*** Data

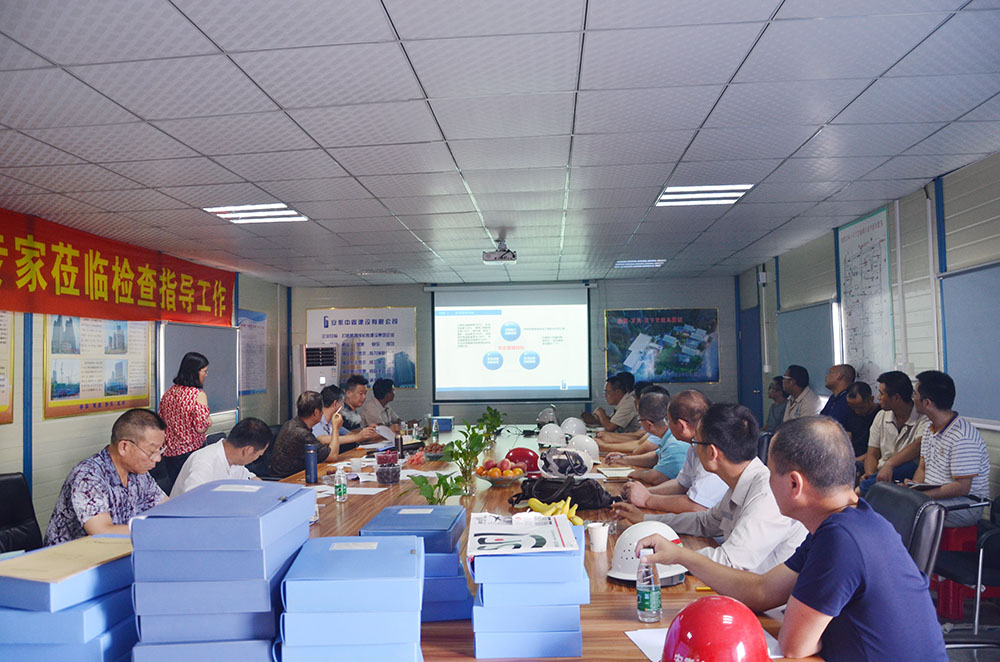 圖為市建筑協(xié)會(huì)領(lǐng)導(dǎo)和專家組聽取施工單位情況匯報(bào)
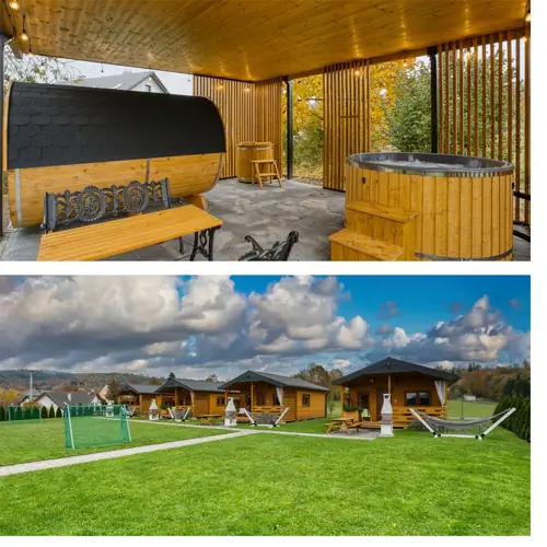 Domek drewniany 7-osobowy z łazienką z dostępem do ogrodu
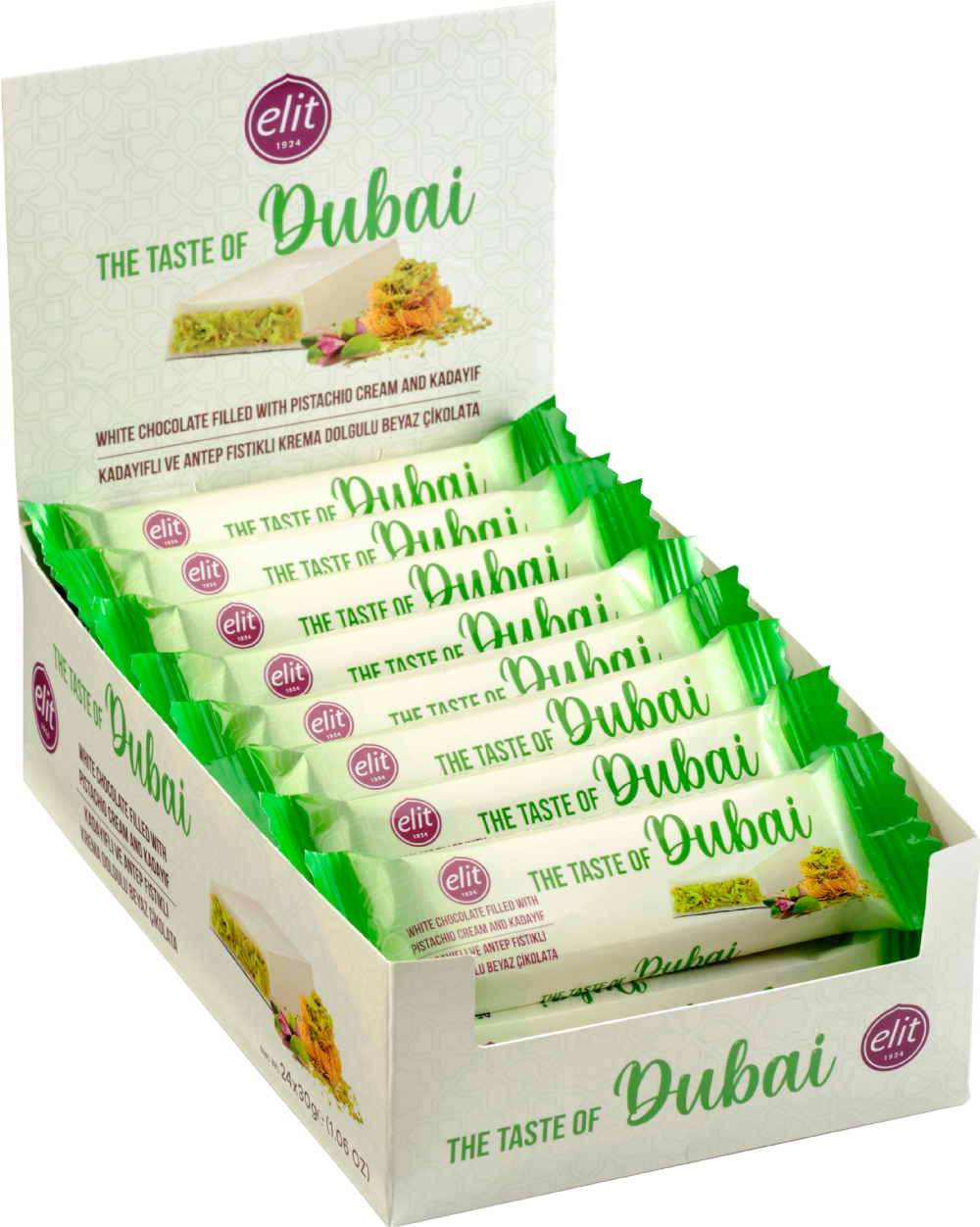 Taste the Difference: Dubai Chocolate by Elit! Crispy, crunchy kadayif meets carefully selected pistachios via the mastery of Elit Chocolate. This unique combination offers a magnificent taste experience where traditional flavours are blended with a modern interpretation. The crunchiness of kadayif, the rich aroma of pistachios and the touch of Elit White Chocolate combine to offer an unforgettable taste journey with every bite! Try the White chocolate variant now to taste the difference!
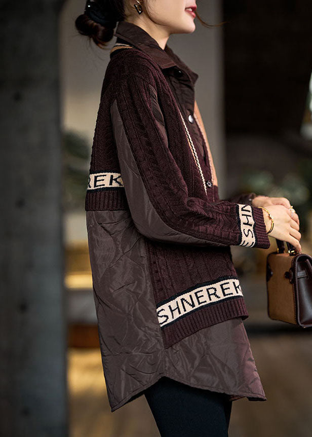 Elegant Coffee Peter Pan Collar Knit Patchwork Fine Cotton Filled Shirt Top Winter

******

In your answer, give every line of the listing above exactly, and do not include the images.

 圖為市建筑協(xié)會(huì)領(lǐng)導(dǎo)和專家組聽取施工單位情況匯報(bào)
 Domek drewniany 7-osobowy z łazienką z dostępem do ogrodu
 Taste the Difference: Dubai Chocolate by Elit! Crispy, crunchy kadayif meets carefully selected pistachios via the mastery of Elit Chocolate. This unique combination offers a magnificent taste experience where traditional flavours are blended with a modern interpretation. The crunchiness of kadayif, the rich aroma of pistachios and the touch of Elit White Chocolate combine to offer an unforgettable taste journey with every bite! Try the White chocolate variant now to taste the difference!
 Elegant Coffee Peter Pan Collar Knit Patchwork Fine Cotton Filled Shirt Top Winter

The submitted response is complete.